Wanneer jongeren en ouders zich herkennen in het beeld en niet terug-schrikken voor de tijdsinvestering en voor deelname aan een groep, is er snel overeenstemming. Het proces wordt uitdagender wanneer de jongere wel gemotiveerd is en de ouders niet, of wanneer de gezinsvoogd of ouders het risico niet willen nemen van ambulante behandeling van suïcidaal gedrag en opname als noodzakelijk ervaren. De prebehandelfase wordt afgesloten met een contract voor deelname voor zowel de jongere als de ouders en dan start de behandelfase.
Behandelfase
De behandelfase bij Altrecht Jeugd bestaat uit wekelijkse individuele psycho-therapeutische gesprekken van 45 minuten, wekelijkse groepsvaardigheids-training van twee uur, gezinstherapie die twee- à driewekelijks plaatsvindt en in wisselende samenstelling kan zijn, een oudercursus (vier keer anderhalf uur), telefonische consultatie, Bed op Recept (BOR) in samenwerking met een gesloten jeugdafdeling van een psychiatrisch ziekenhuis, en optioneel farmaco-therapie. Het DGT-team heeft wekelijkse consultatiebijeenkomsten waarin suïcidaal gedrag en eventuele opnames aan de orde komen, het therapeutisch functioneren wordt besproken (bijvoorbeeld therapie-interfererend gedrag van de therapeut, eigen normen en waarden inzake bijvoorbeeld risicovol seksueel gedrag van cliënten), het functioneren van de cliënten wordt besproken in de verschillende therapieën en er wordt gebruik gemaakt van de korte lijnen om het behandelbeleid van de individuele cliënt te bepalen.

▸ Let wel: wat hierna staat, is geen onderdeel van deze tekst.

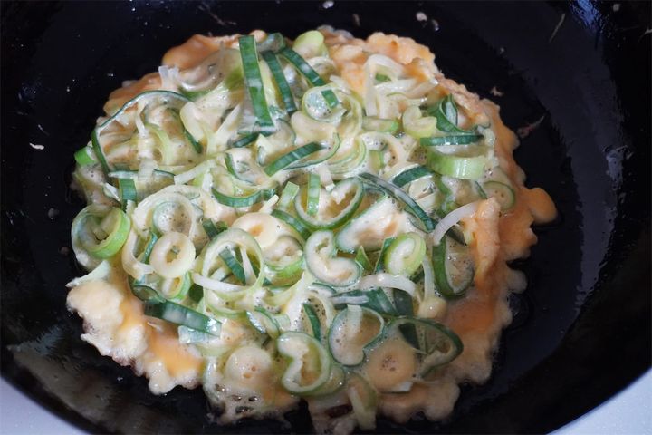 卵とチーズでコク旨♡「ピザ風ネギ焼き」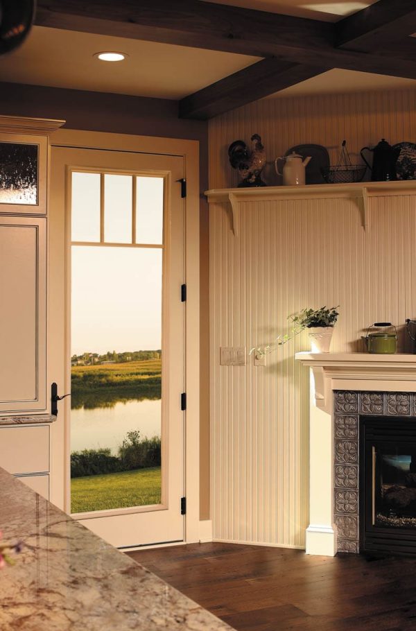 This Farmhouse-style home features a Cambridge Smooth Steel Exterior Door, with a Full Lite door style and Internal Grille – Arts & Crafts glass, prefinished in Shiplap White, with hardware in Matte Black.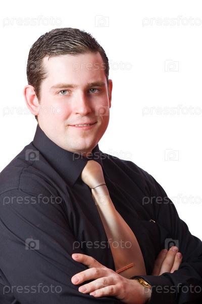 Портрет улыбающегося бизнесмена в черной рубашке на белом фоне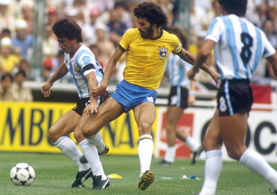 Sócrates em jogo contra a argentina na Copa do Mundo de 1982. (Foto/ reprodução: Placar)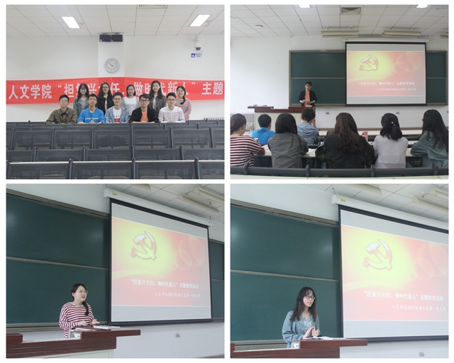 为深入学习习近平新时代中国特色社会主义思想,贯彻落实“两学一做”主题教育。积极响应学校、学院开展“担复兴大任,做时代新人”主题教育活动的号召,进一步强化支部党员理论学习深度,人文学院2017级硕士生第一党支部于5月20日下午在理科教学楼101教室开展“习近平总书记5月2日在北京大学的讲话”专题理论学习,支部党员、预备党员和入党积极分子踊跃参加。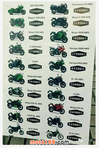 我們看看全系引進國內(nèi)的川崎大貿(mào)價格吧。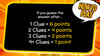 - The first student to say the correct answer gets points for their team. If 1 clue was given, their team gets 6 points, if 2 clues, 4 points, 3 clues, 2 points, and 4 or more clues, only 1 point.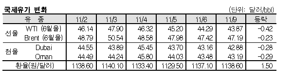 11월9일 국제유가는 미국 쿠싱지역 원유 재고 증가 추정 및 중국 원유 수입 감소, 주요국 증시 약세 등으로 하락했다.
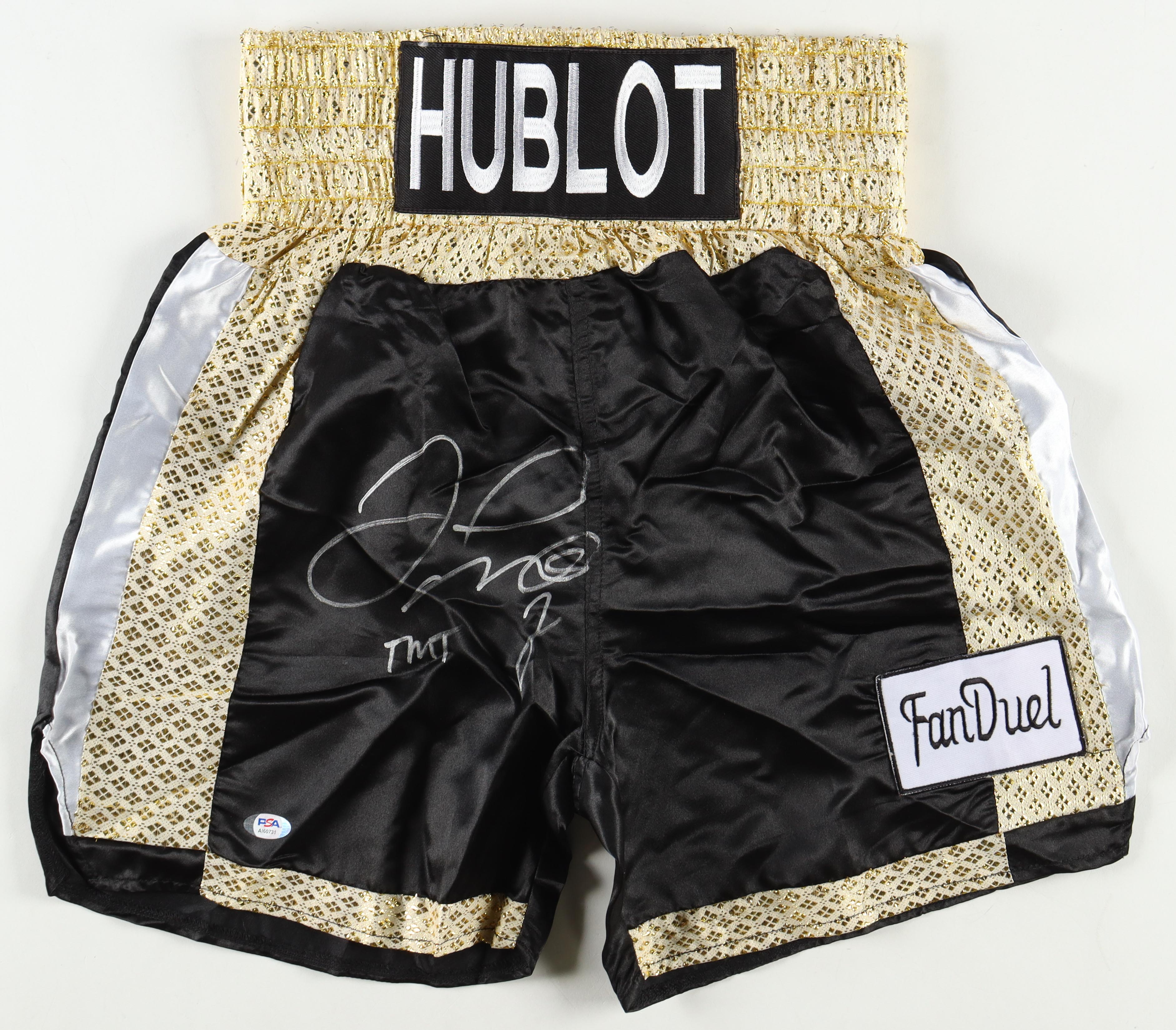 Hublot Fan Duel boxing shorts, size XL. Hand-signed and inscribed by Floyd Mayweather Jr. (HOF).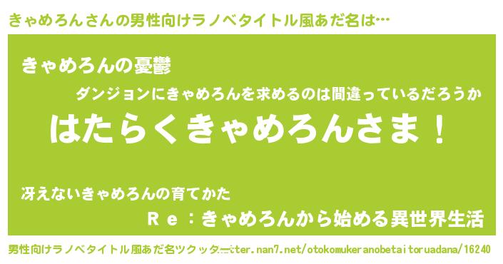 | 伝説のあだ名 | 『伝説の竜騎士きゃめろん』 |

De individuele therapeuten stellen zich op de hoogte van de inhoud van de vaardigheidstraining en waar hun cliënt moeite mee heeft, hoe hij of zij zich gedraagt in de groep, of er aandachtspunten zijn voor de individuele therapie vanuit de vaardigheidstraining en de therapietrouw van de cliënt. Het team is multidisciplinair samengesteld en bestaat uit een psychiater, twee gezins-therapeuten, drie vaardigheidstrainers en vijf individuele psychotherapeuten en wordt voorgezeten door de coördinator (een psychotherapeut van het team).
Vaardigheidstraining
De vaardigheidstraining wordt gegeven in een open groep, (dat wil zeggen dat nieuwe deelnemers na elke module kunnen instromen), van maximaal zes jongeren, die wekelijks twee uur bij elkaar komen en geleid worden door twee trainers. De training volgt een vaste structuur: er wordt gestart met een concentratieoefening, dan is er ruimte voor mededelingen, vervolgens wordt het huiswerk behandeld en is er pauze. Na de pauze wordt nieuwe theorie behandeld, er wordt geoefend, nieuw huiswerk opgegeven en ten slotte wordt afgesloten met een concentratieoefening.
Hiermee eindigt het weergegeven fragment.